16 Days of Activism to End Violence against Women & Girls

The SAFE Team’s Safer Families Centre will be releasing key messages during the campaign from three bodies of evidence:

  1. Intimate partner violence in the first decade of motherhood This evidence is drawn from the Mothers’ and Young People’s Study, an Australian longitudinal study investigating the health and wellbeing of over 1500 first-time mothers and their first-born children. (Brown SJ, Gartland D, Woolhouse H et al.)  Led by Stephanie Brown, the Safer Families Centre has illustrated the evidence through storytelling. Each story is set against the background of information that women in the study shared with us about their experiences during pregnancy and the first decade of motherhood. These provide data on women and children’s exposure to intimate partner violence from pregnancy to age ten; associated mental and physical health problems experienced by women and their children; patterns of health service use; and implications for the health sector.
  2. Transforming the health sector to address domestic and family violence
    This evidence is drawn from qualitative meta syntheses on what women expect from health practitioners; health practitioners’ perceptions of structural barriers and their personal barriers to identifying and addressing intimate partner violence.

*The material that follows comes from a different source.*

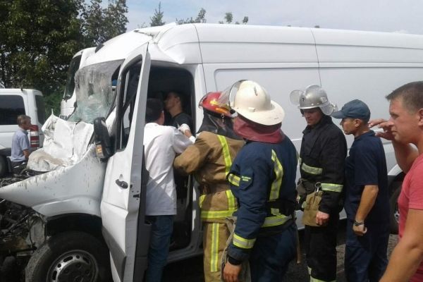 Водія з понівеченого буса діставали рятувальники (Фото)

Led by Kelsey Hegarty, again we use storytelling from the voices of practitioners and victim survivors to present the findings. These include an overview of the barriers health professionals face when addressing domestic violence, system factors required to enable health practitioners to undertake this work and key recommendations for primary and health care policy and practice.
  3. All-of-family responses to children, mothers and fathers accessing services for domestic and family violence
  4. This evidence is drawn from a comprehensive set of evidence-based child-parent interventions for safety and resilience such as Caring Dads, RECOVER, Mothers in Mind and STACY to name a few (more info available at www.saferfamilies.org.au/strand-c). Led by Cathy Humphreys, this evidence forms the basis of lessons learnt about all-of-family approaches to domestic and family violence in the context of the Victorian service system, with a focus on Australian research. Our recommendations arising from this body of work will be useful to decision makers and practitioners of programs aimed at parenting in the context of domestic and family violence.

The Safer Families Centre is also running a social media campaign where we will be promoting Safer Families resources and training to help health professionals identify and respond to domestic violence and abuse through early engagement with family members.